Below are some records. Return exactly the lines from the one containing "A sophisticated co-ord" through the one containing "Cochez l'option Palette", both included, and only those.

_EXTRACTED INFORMATION_:
━━━━━━━━

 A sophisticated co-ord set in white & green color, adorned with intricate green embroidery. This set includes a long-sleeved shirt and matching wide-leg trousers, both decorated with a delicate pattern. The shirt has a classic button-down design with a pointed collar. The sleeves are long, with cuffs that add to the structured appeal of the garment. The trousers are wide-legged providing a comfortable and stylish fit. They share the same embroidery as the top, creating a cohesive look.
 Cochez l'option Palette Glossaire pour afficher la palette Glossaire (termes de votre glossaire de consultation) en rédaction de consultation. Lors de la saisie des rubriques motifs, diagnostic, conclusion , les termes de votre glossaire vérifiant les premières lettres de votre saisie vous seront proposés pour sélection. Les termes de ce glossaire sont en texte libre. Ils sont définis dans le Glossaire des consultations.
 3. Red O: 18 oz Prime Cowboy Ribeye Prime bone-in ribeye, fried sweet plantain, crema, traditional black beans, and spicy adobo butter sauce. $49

━━━━━━━━

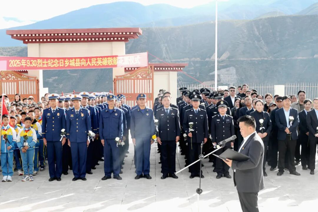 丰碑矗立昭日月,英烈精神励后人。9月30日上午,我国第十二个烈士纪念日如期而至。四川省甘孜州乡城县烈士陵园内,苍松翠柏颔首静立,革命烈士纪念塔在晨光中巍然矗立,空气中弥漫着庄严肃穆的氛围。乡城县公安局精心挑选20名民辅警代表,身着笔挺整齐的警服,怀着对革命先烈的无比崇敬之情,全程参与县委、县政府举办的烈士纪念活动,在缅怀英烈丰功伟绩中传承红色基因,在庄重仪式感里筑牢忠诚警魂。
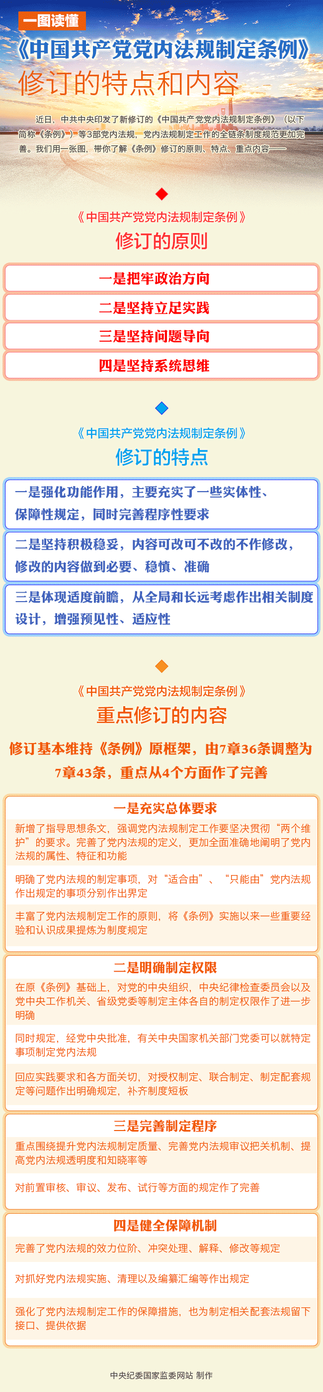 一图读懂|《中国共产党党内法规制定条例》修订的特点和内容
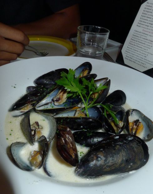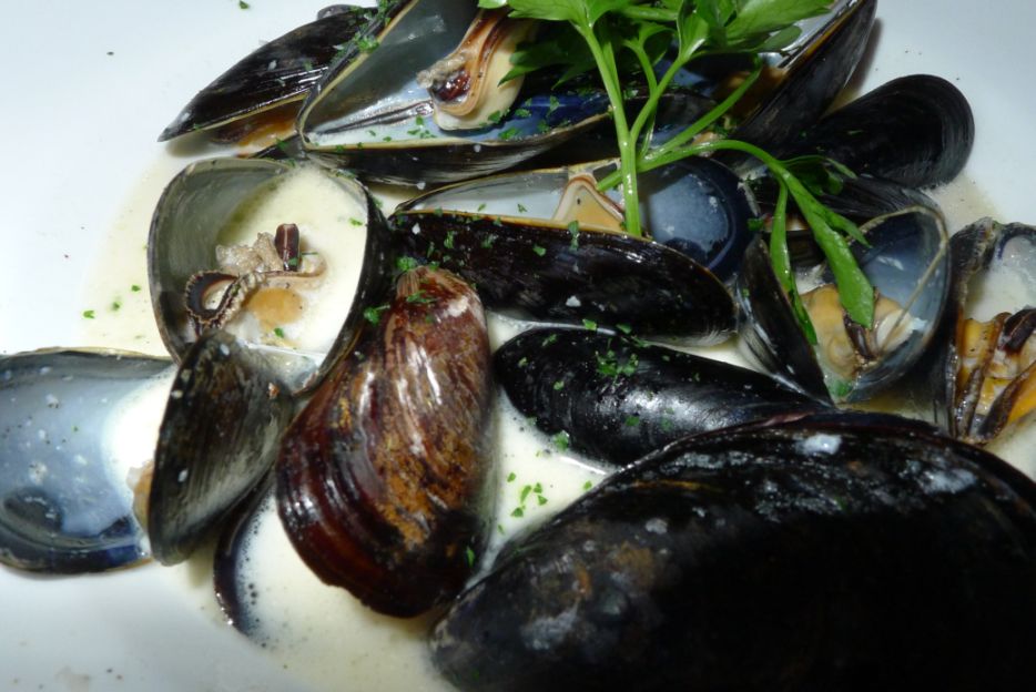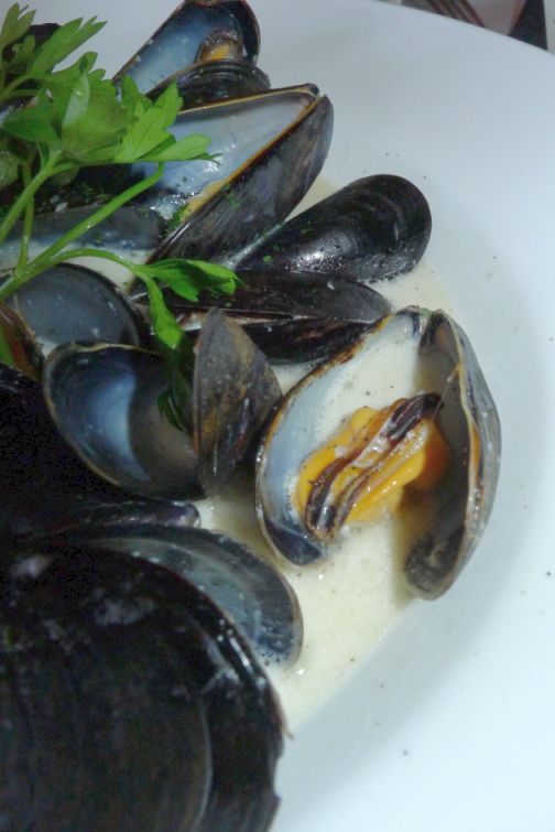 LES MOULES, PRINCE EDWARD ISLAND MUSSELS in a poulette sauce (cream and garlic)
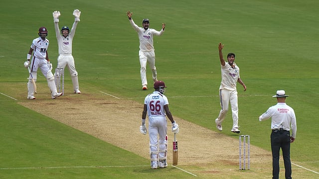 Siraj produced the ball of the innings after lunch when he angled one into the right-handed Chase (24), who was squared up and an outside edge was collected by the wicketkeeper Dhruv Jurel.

━━━━━━━━

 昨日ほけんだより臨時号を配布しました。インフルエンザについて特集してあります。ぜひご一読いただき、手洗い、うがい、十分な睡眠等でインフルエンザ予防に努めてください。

━━━━━━━━

_SOLUTION FOR THIS PROBLEM_:
 A sophisticated co-ord set in white & green color, adorned with intricate green embroidery. This set includes a long-sleeved shirt and matching wide-leg trousers, both decorated with a delicate pattern. The shirt has a classic button-down design with a pointed collar. The sleeves are long, with cuffs that add to the structured appeal of the garment. The trousers are wide-legged providing a comfortable and stylish fit. They share the same embroidery as the top, creating a cohesive look.
 Cochez l'option Palette Glossaire pour afficher la palette Glossaire (termes de votre glossaire de consultation) en rédaction de consultation. Lors de la saisie des rubriques motifs, diagnostic, conclusion , les termes de votre glossaire vérifiant les premières lettres de votre saisie vous seront proposés pour sélection. Les termes de ce glossaire sont en texte libre. Ils sont définis dans le Glossaire des consultations.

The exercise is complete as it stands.